PGH spokesperson Dr. Jonas del Rosario also told CNN Philippines' Newsroom Weekend that of their 2,000 employees and healthcare workers, only 12% agreed to be inoculated with Sinovac.

He said plans for the implementation of the rollout is still being finalized for these workers, while the remaining 88% will still be prioritized for another brand of vaccine that arrives. A ceremonial vaccination will be held at the PGH on Monday.
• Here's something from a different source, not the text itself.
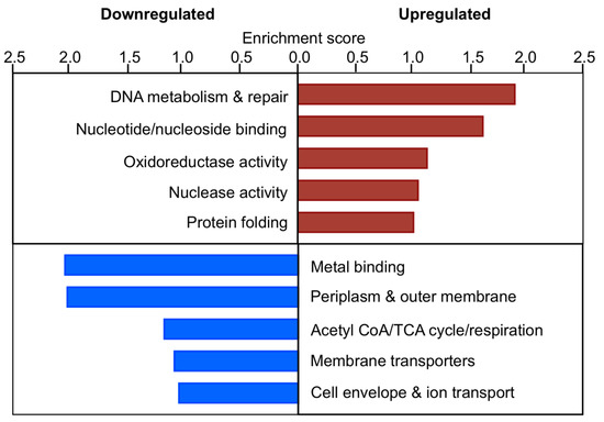 Gene ontology of the early formaldehyde response of ΔefgA mutant. Summary of functional group response of ΔefgA mutant at 5 min (fastest response) and 20 min (most intense response) was obtained using DAVID 6.7. Enrichment scores for each functional group are plotted for upregulated (red) and downregulated genes (blue).

READ: Only 12% of PGH personnel willing to receive Sinovac vaccine, spokesman says 

Presidential Spokesperson Harry Roque earlier said that only health workers can refuse to get the Sinovac vaccine and still retain their priority status once their preferred brand arrives.

READ: Only health care workers can refuse Sinovac vaccine without losing priority status – Roque 

A shipment of 600,000 vials of CoronaVac is expected to arrive in the country late on Sunday with President Rodrigo Duterte planning to lead a welcoming ceremony. The vaccine will be first administered to health workers in COVID-19 referral hospitals.